Labour’s election co-ordinator Douglas Alexander has set out the three priorities for the party’s national campaign over the next three weeks. He says Labour won’t run a personality-led campaign (pledging not to feature Cameron on any of their posters), that Labour are willing to take part in TV debates, and that the aim to have four million conversations with voters will be at the heart of the campaign.
This kind of “memo” to supporters is not completely new (the last election saw effective “state of the race” emails from Peter Mandelson) and is a way of trying to ensure that activists feel they know what is going on – while attempting to encourage those not active to get out on the doorstep.
Alexander hghlights the difference between the Labour and Tory campaigns, accepting that the Conservatives will run big billboard campaigns at a much greater cost than the Labour war chest can handle. However, he also says that Labour’s activist base means that they will be able to “out-organise” the Tories on the streets.
Expect to see a few more of these memos in your inbox over the next 95 days.
The email has been sent out to supporters over the last couple of hours. You can read it in full here:
Subject: Our different approaches
A big thanks to all of you who have been out campaigning today.
There are 116 events happening across the country and local organisers are reporting a huge turnout. It hasn’t been the best weather for it, but it’s been a great start to the next 95 days of campaigning.
The differences between our campaign and The Tories’ have never been clearer, and these don’t just reflect different budgets — they reflect different approaches to winning this election.
The campaign we will run in the Labour Party will be very different from any that has been run before. At the heart of our campaign will be the unprecedented goal to have four million conversations with voters and to talk with people, not at them or over their heads. Thanks to your incredible efforts on weekends like this one, we have had hundreds of thousands of conversations in January and are on track to meet that goal before polling day. This means that Labour members and supporters are more crucial than ever to winning.
That’s why I’m throwing this campaign wider open than it’s been before — and why I will be posting these campaign memos — giving you the insider view into what’s really going on, on a regular basis.
And today I am setting out some of the key priorities for our campaign over the coming weeks:
We’ll focus our campaign on issues, not personalities — we won’t run any billboard posters with pictures of David Cameron on them.
We’re ready, willing, and able to take part in the TV debates.
We will not run an old fashioned campaign talking over voters heads.
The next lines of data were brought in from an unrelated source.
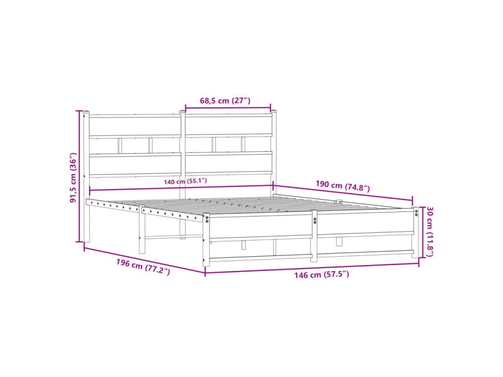 Kovový rám postele bez matrace kouřový dub 140 x 190 cm 4017218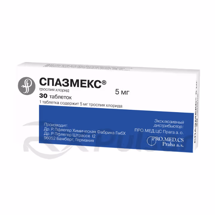 SPAZMEX, containing the active ingredient trosypium chloride, is a medication primarily used to manage overactive bladder symptoms. It works by relaxing the muscles of the bladder, reducing spasms and improving bladder control.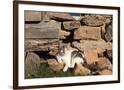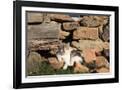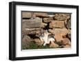 Romania, Maramures County, Dobricu Lapusului. Cat leaning against stone wall.
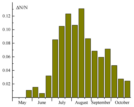 Histogram of the distribution of the relative amount of measurement data in different months.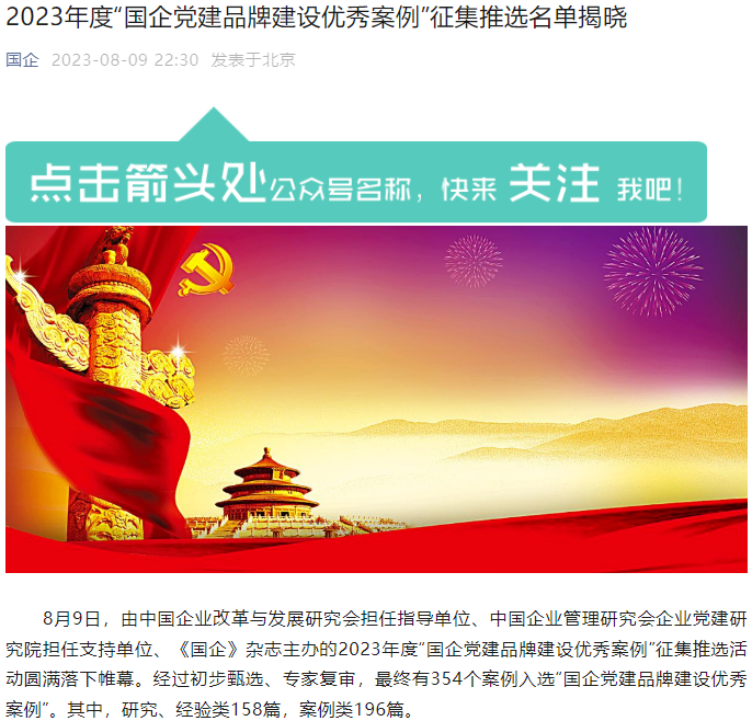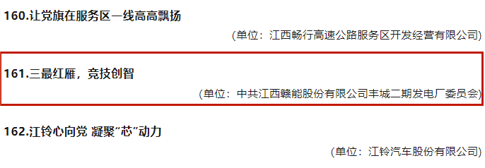 8月9日,由中国企业改革与发展研究会担任指导单位、中国企业管理研究会企业党建研究院担任支持单位、《国企》杂志主办的2023年度“国企党建品牌建设优秀案例”征集推选活动圆满落下帷幕。经过初步甄选、专家复审,在全国1000余篇参选案例中,江西赣能股份有限公司丰城二期发电厂党委推送的《三最红雁,竞技创智——赣能股份丰城二期发电厂发电党支部党建品牌实践案例》成功入选。据悉,江西省仅5家企业入选。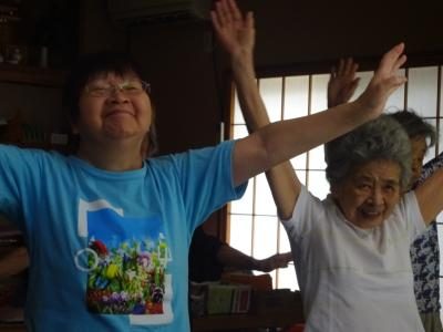 ラジオ体操も、楽しく 元気よく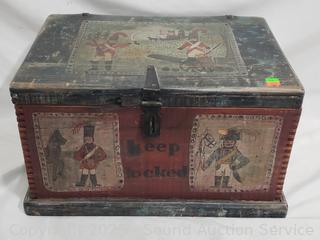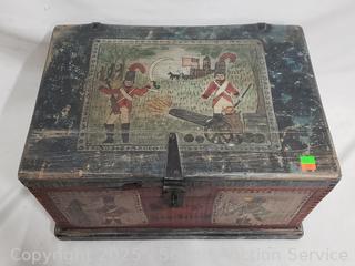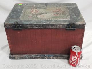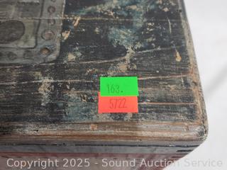 10.5" H x 18" x 12". Some scuffs, wear to finish.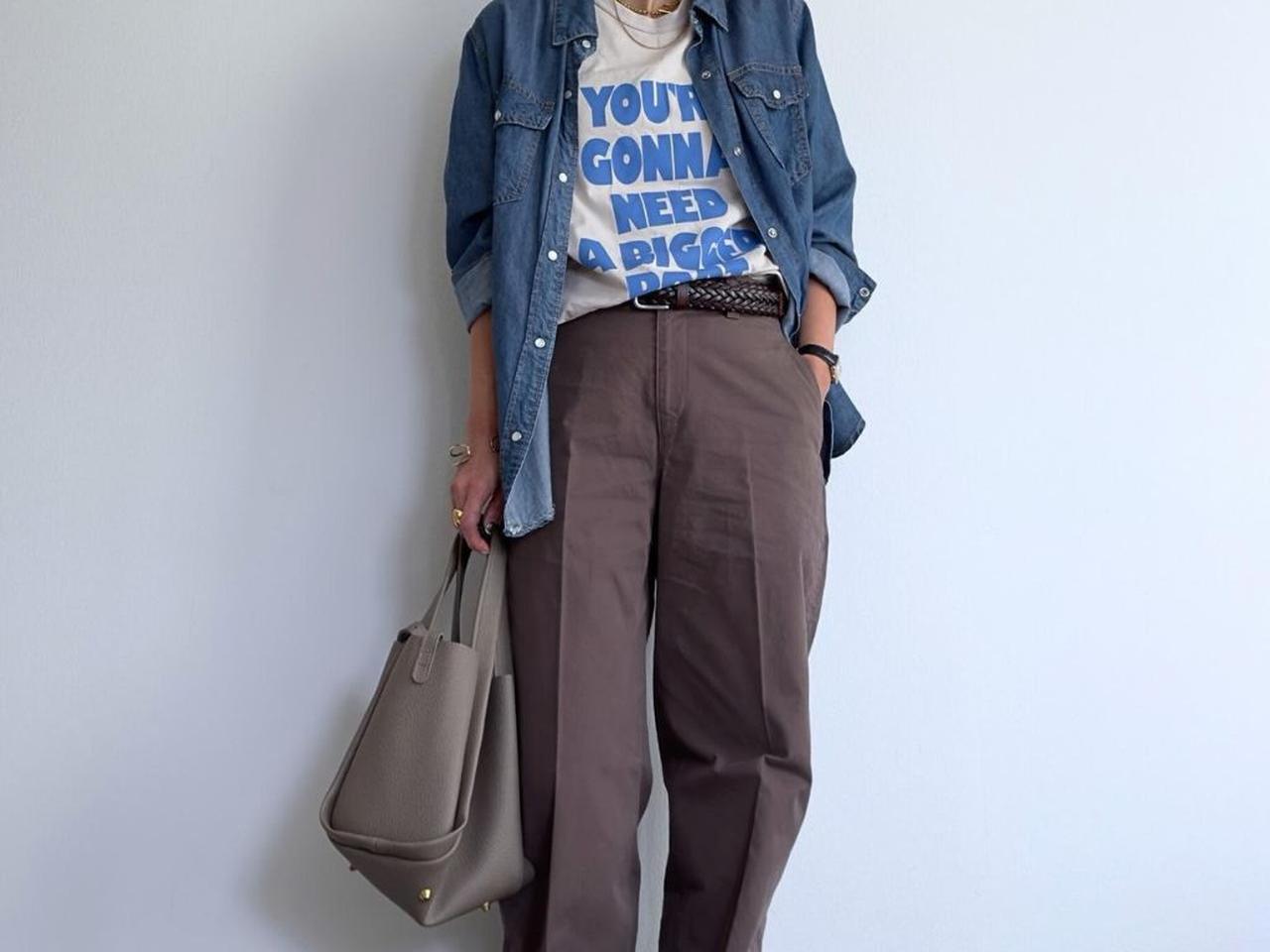 デニムシャツで“こなれ感”を意識した仕上がりに

We will run a campaign with four million conversations at its heart.
We’re doing it this way not just because it is the best way to win votes in an election marked by high levels of cynicism and mistrust towards all political parties, but because we believe politics begins and ends with the people.
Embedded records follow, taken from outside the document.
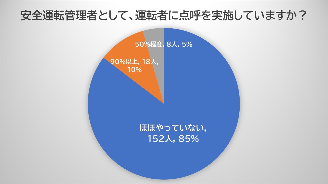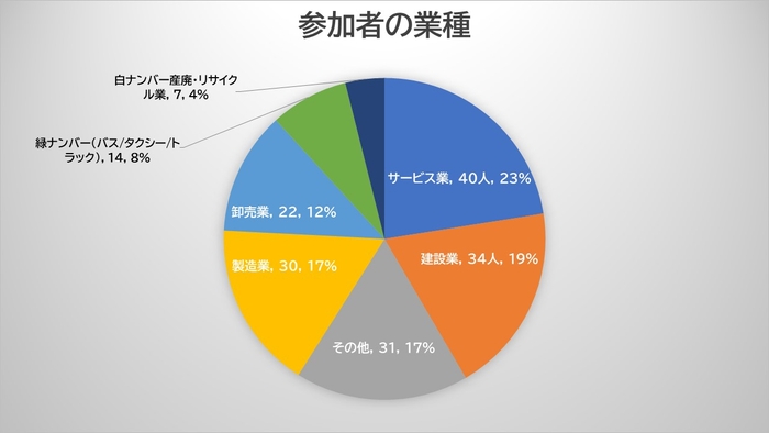 今回、多岐にわたる業種、多くの安全運転管理者の方にご参加頂くことができました。自社の過去の飲酒事案、現在使用している検知器や点呼等の運用状況等について率直なご回答をいただきました。
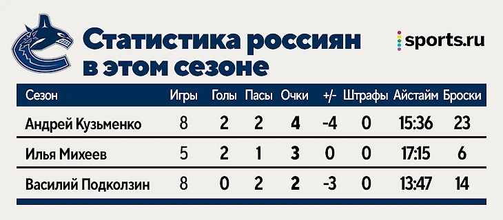 Русские игроки добыли для «Ванкувера» первую победу в сезоне: у Михеева дубль, Кузьменко набрал 1+1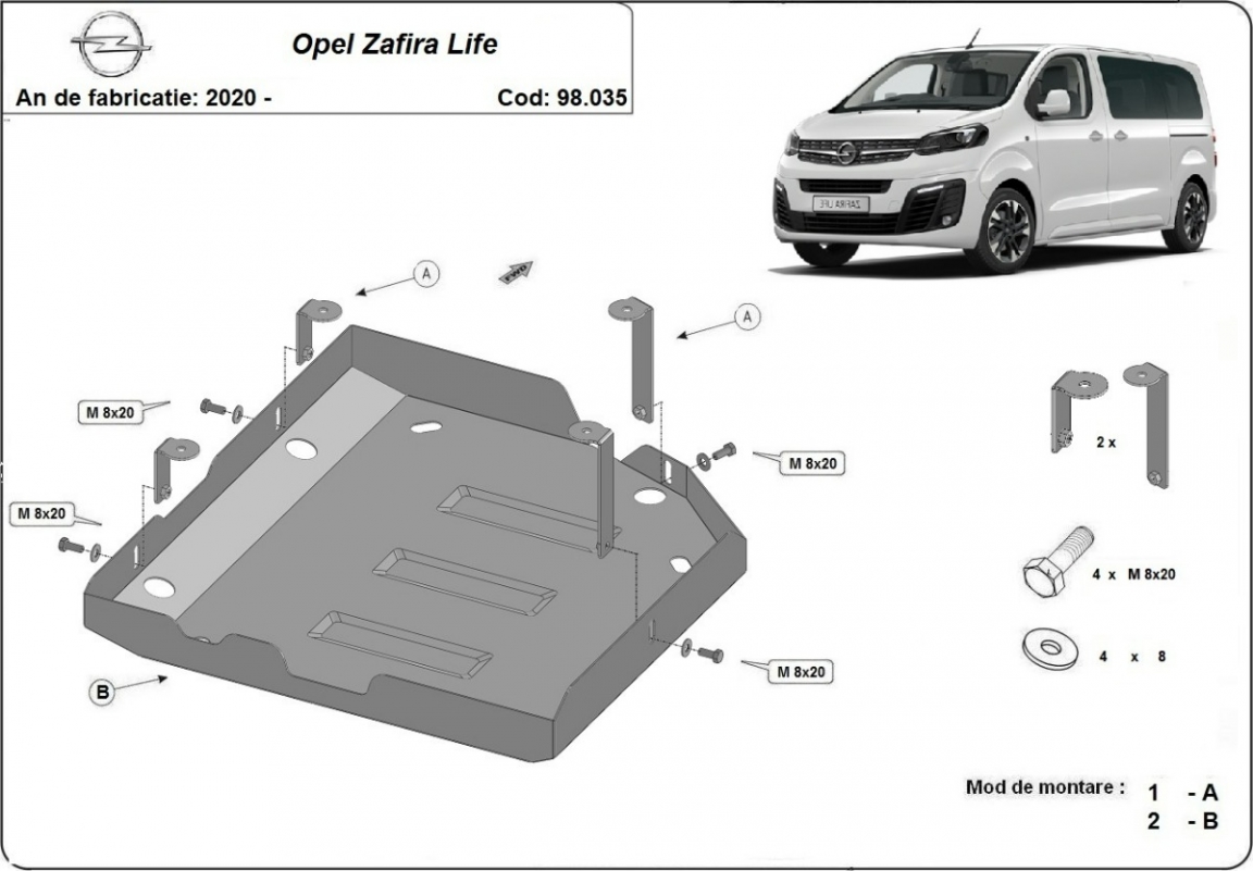 El cubre carter metalico es nuevo y se adapta perfectamente a todas las versiones de Opel Zafira Life fabricadas entre 2020 y 2026. La placa protega los siguientes: depósito de combustible AdBlue Está preparado de chapa de Acero de 2 mm. Cerrojos, calces y todos los accesorios incluidos. Todas las placas son estrachadas con pintura de polvo anticorrosivo. Las placas del protección del motor son equipados con braceares soldados para resistir mejor a los impactos exteriores. |

Read more about our election plans here: http://action.labour.org.uk/our-different-approaches
The Tories’ approach
The Tories will run a negative campaign. They have bought up hundreds of billboard poster sites on high streets across the country for the months of March and April to run negative personalised adverts. Their intention seems to be to spread falsehood, fear and smear.
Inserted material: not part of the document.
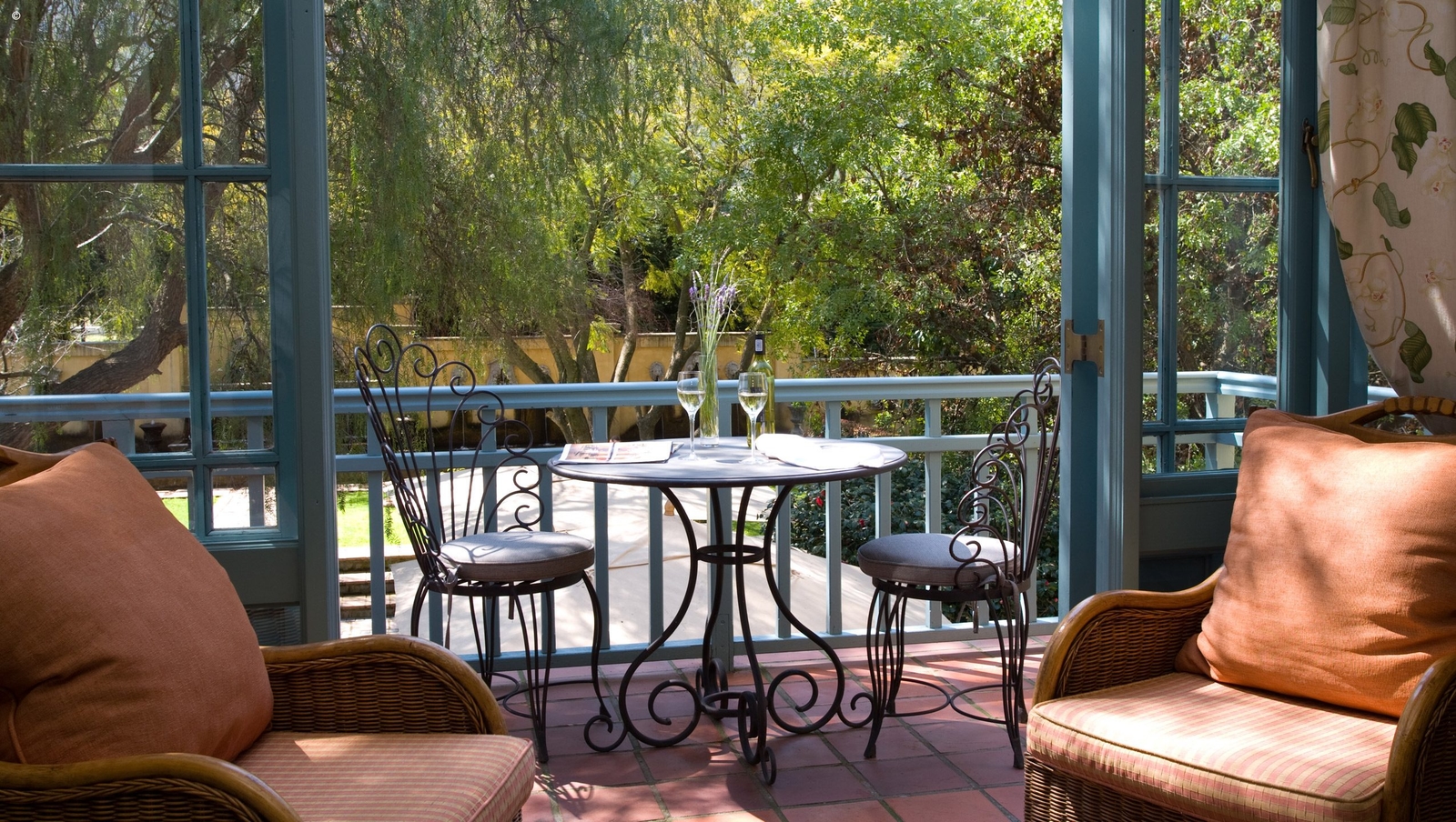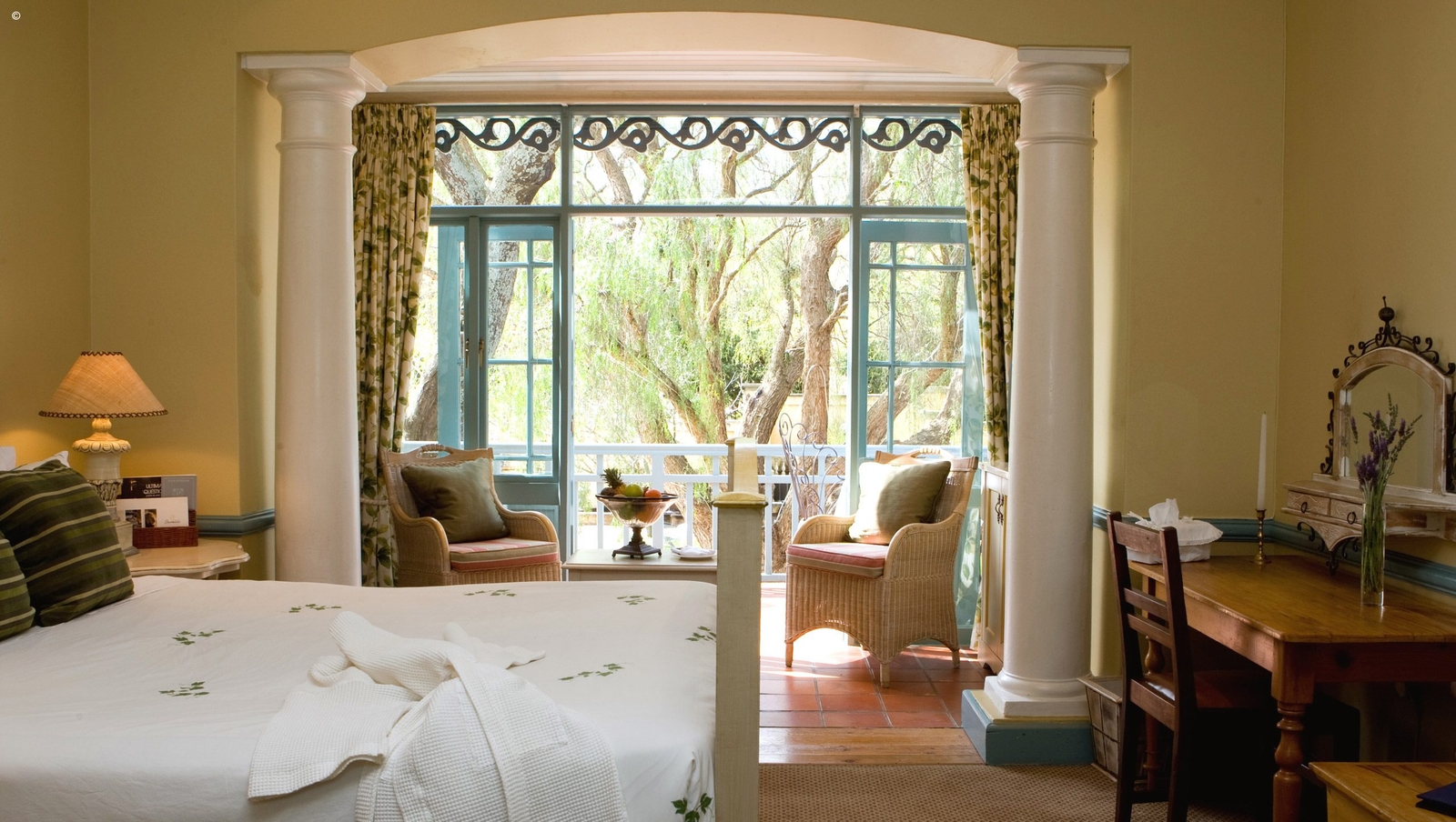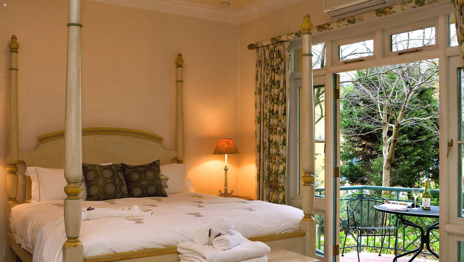 All the rooms are individually decorated, very spacious and reflect contemporary comfort fused with more classical trappings of hand-painted furniture, four poster beds, embroidered Percale cotton bed linen, and most have their own private balconies. There are six standard deluxe rooms in the manor house and five luxury rooms located in a separate building which have their own private balconies, fireplaces and underfloor heating. The two garden cottages with private patios and superb views of the vineyards and mountains are perfect for families with small children, whereas the 100m² villas suites with their own lounges and two balconies are ideal for honeymooners or couples.

They will seek to avoid open debate and scrutiny.
They will dig deep into their donors’ pockets — and plumb new depths — in their desperation to cling on in government.
They may outspend us, but we will out-organise them to win
The Tories may have a growing war chest, but while they may outspend us three-to-one, I am confident that we will out-organise them by at least the same margin.
All of their spending on negative campaigning is not evidence that they are confident of victory. It’s evidence of precisely the opposite. The same fear is also making them duck open engagement and debate. What other rational reason can there be why the Prime Minister is so reluctant to go toe-to-toe with Ed Miliband and the other party leaders in live TV debates?
Beneath the radar and far away from the shouting matches in parliament, Labour is talking to voters about a better plan for Britain: a plan that will build economic success for everyday families, a plan where young people get a chance to get on in life, and a plan to improve and sustain our NHS so it meets the challenges of the 21st Century.
I’m determined that Labour will give the British people a better campaign.
Thanks for being a part of it, I am looking forward to working with you in the weeks and months ahead.